Goal of the exercise.
Among the entries below, retype exactly the lines starting with the one with "Meanwhile, in other" and going on through the one with "创作图像 数字人 快捷AI 模型训练 高级画板 AI应用 工作流", but not the pictures.

Stored dataset items:
------

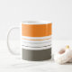 Det moderna kaffet mugg har en färgstark mönster i orange- och grått-skuggor. Anpassa den med ett namn i vitt typsnitt vid grund.
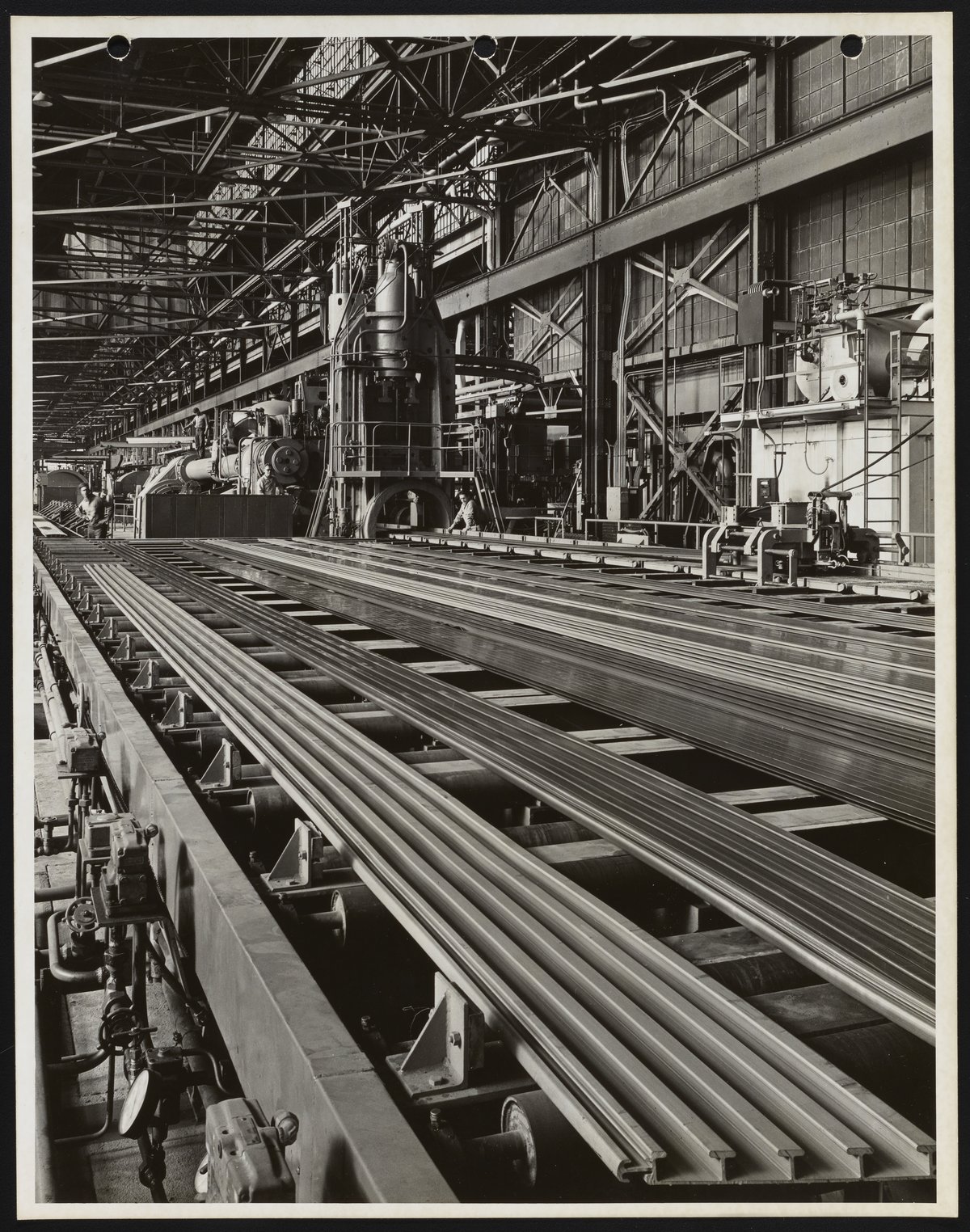 General view of a section of the magnesium rolling mill at the Dow Chemical Company facilities located in Madison, Illinois. Dedicated in 1954, the magnesium fabrication plant in Madison was the world's first facility designed for the mass production of magnesium mill products and boasted the first large-scale magnesium sheet mill, as well as the largest extrusion facilities for the metal.
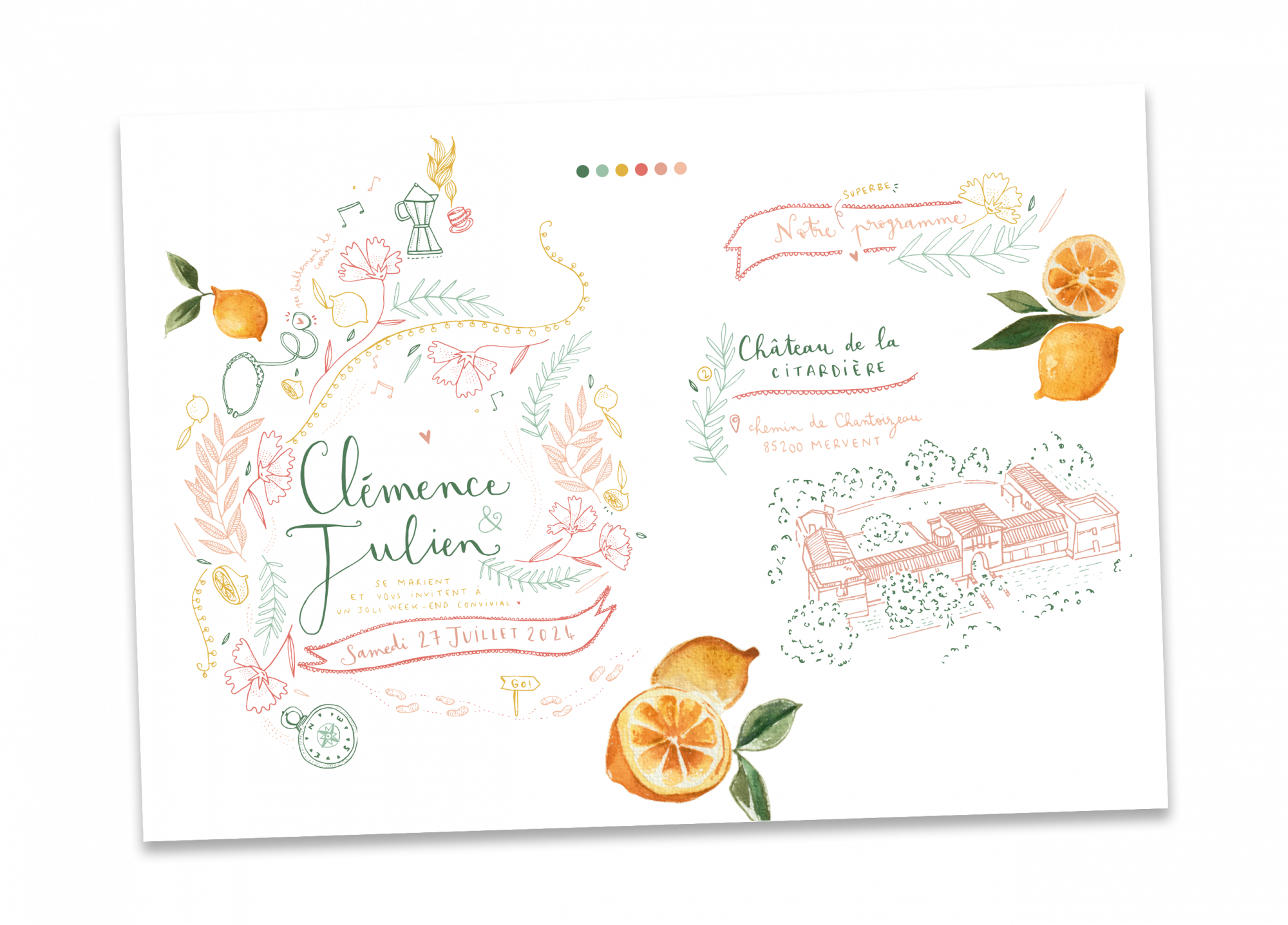 Avant de réaliser la maquette finale, je propose toujours une planche d’inspiration : une première ébauche avec les prénoms illustrés, un lieu de réception dessiné à la main et une ambiance visuelle. C’est une étape appréciée par les couples, car elle leur permet de se projeter et d’ajuster les derniers détails. Ils me donnent leurs indications et leurs idées que je développe sur la maquette au format choisi.
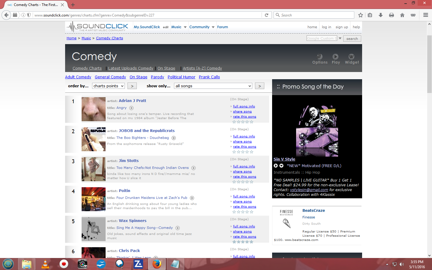 Meanwhile, in other news, out in Internet land, one of my solo concert performances from back in the late 1970's made number 1 on a random chart. Proof below. Comedy indeed....
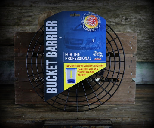To get those particles out of your sponge or mitt, you need the Bucket Barrier. The raised radial surface fits in the bottom of any 5 gallon bucket...
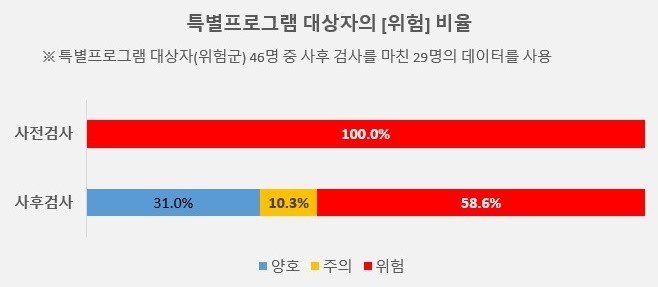 특히, 위험군을 대상으로 진행한 특별프로그램 대상자의 41.3%(12명)는 마음건강 상태가 ‘위험’에서 ‘양호’ 또는 ‘주의’ 수준까지 완화된 것으로 분석됐다.
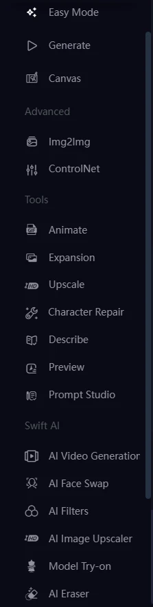 创作图像 数字人 快捷AI 模型训练 高级画板 AI应用 工作流
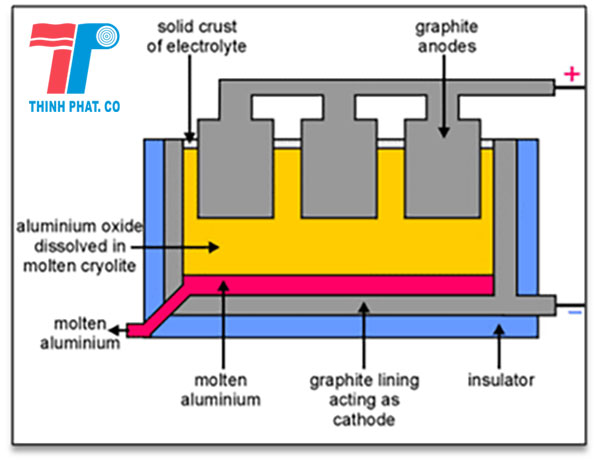 Về cơ bản nhôm phòng sạch được sản xuất ra nhờ quá trình khử điện phân. alumina thu được ở bước 1 ta đen hào tan trong bồn nấu chảy kết hợp với băng tinh thạch criolit ở 1000 độ C.

------

Problem solution.
 Meanwhile, in other news, out in Internet land, one of my solo concert performances from back in the late 1970's made number 1 on a random chart. Proof below. Comedy indeed....
To get those particles out of your sponge or mitt, you need the Bucket Barrier. The raised radial surface fits in the bottom of any 5 gallon bucket...
 특히, 위험군을 대상으로 진행한 특별프로그램 대상자의 41.3%(12명)는 마음건강 상태가 ‘위험’에서 ‘양호’ 또는 ‘주의’ 수준까지 완화된 것으로 분석됐다.
 创作图像 数字人 快捷AI 模型训练 高级画板 AI应用 工作流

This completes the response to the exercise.